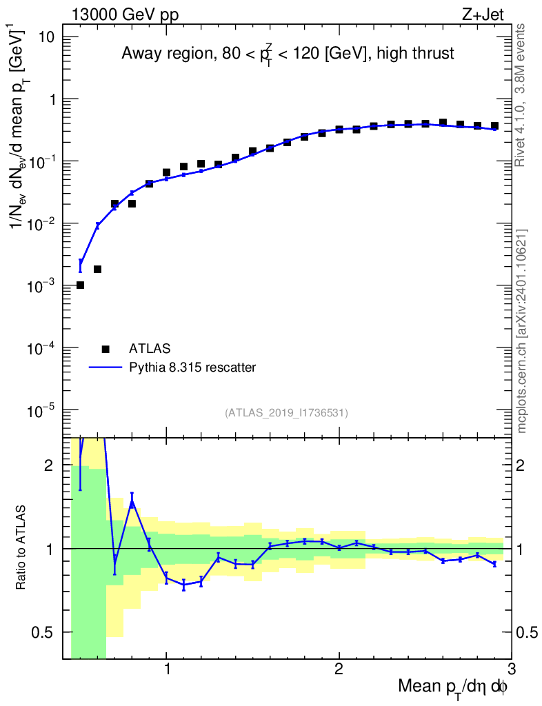 Lines: data, pythia8 8.315 rescatter |
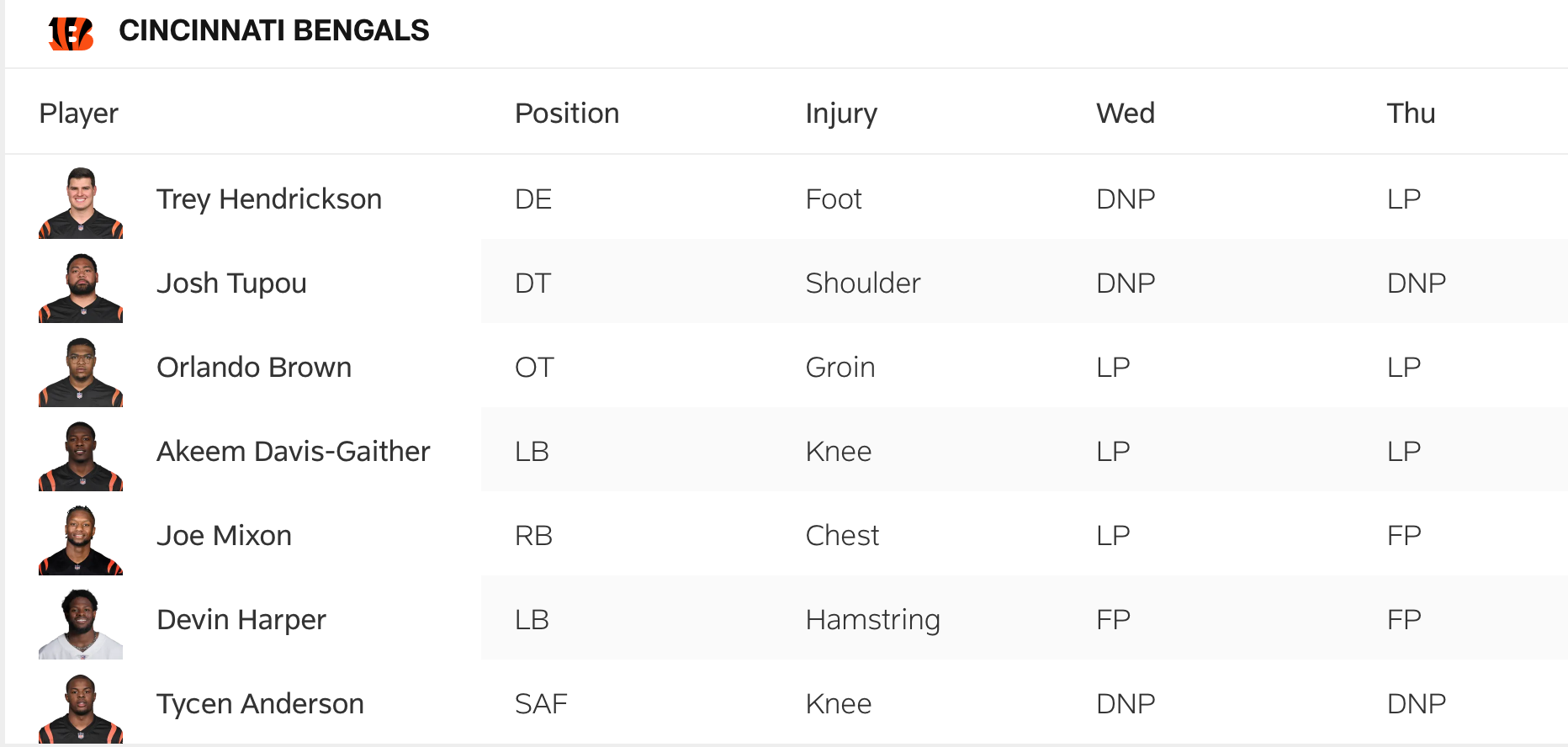 Also practicing Thursday is linebacker Akeem Davis-Gaither (knee), who's missed the past four games, and running back Joe Mixon (chest), who was limited on Wednesday along with Davis-Gaither. Mixon went full on Thursday.
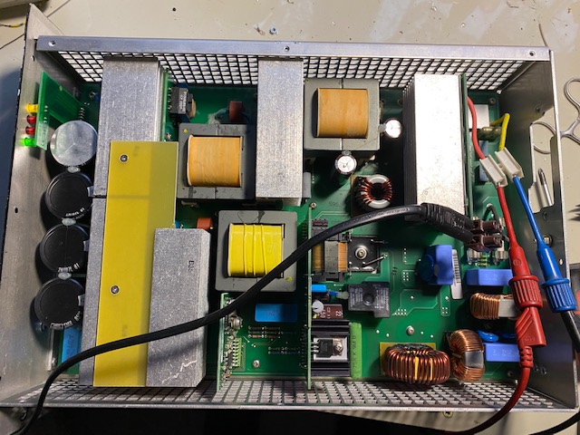 Když jsem začal rekonstruovat svůj strojek, potřeboval jsem zdroj poněkud vyššího napětí. Nakonec jsem koupil tento (podle prodejce nový jako záloha), po rozebrání to i tak vypadá. Uklidil jsem ho do regálu a když byl potřeba nenašel.
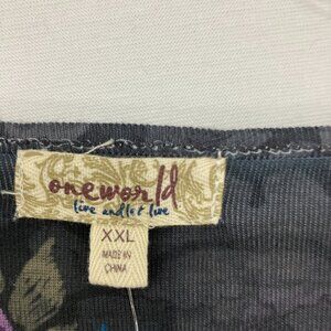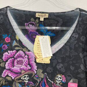 New One World size XXL Black Purple Floral V neck Novelty Skeleton Print Top
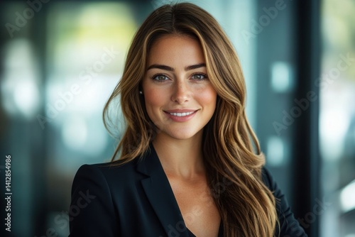 Smiling woman with long brown hair wearing a dark jacket indoors.
---*---
Aim of the task
Repeat the listing in full and exactly. Do not include any images.

Output of the task
 Lines: data, pythia8 8.315 rescatter |
 Also practicing Thursday is linebacker Akeem Davis-Gaither (knee), who's missed the past four games, and running back Joe Mixon (chest), who was limited on Wednesday along with Davis-Gaither. Mixon went full on Thursday.
 Když jsem začal rekonstruovat svůj strojek, potřeboval jsem zdroj poněkud vyššího napětí. Nakonec jsem koupil tento (podle prodejce nový jako záloha), po rozebrání to i tak vypadá. Uklidil jsem ho do regálu a když byl potřeba nenašel.
 New One World size XXL Black Purple Floral V neck Novelty Skeleton Print Top
 Smiling woman with long brown hair wearing a dark jacket indoors.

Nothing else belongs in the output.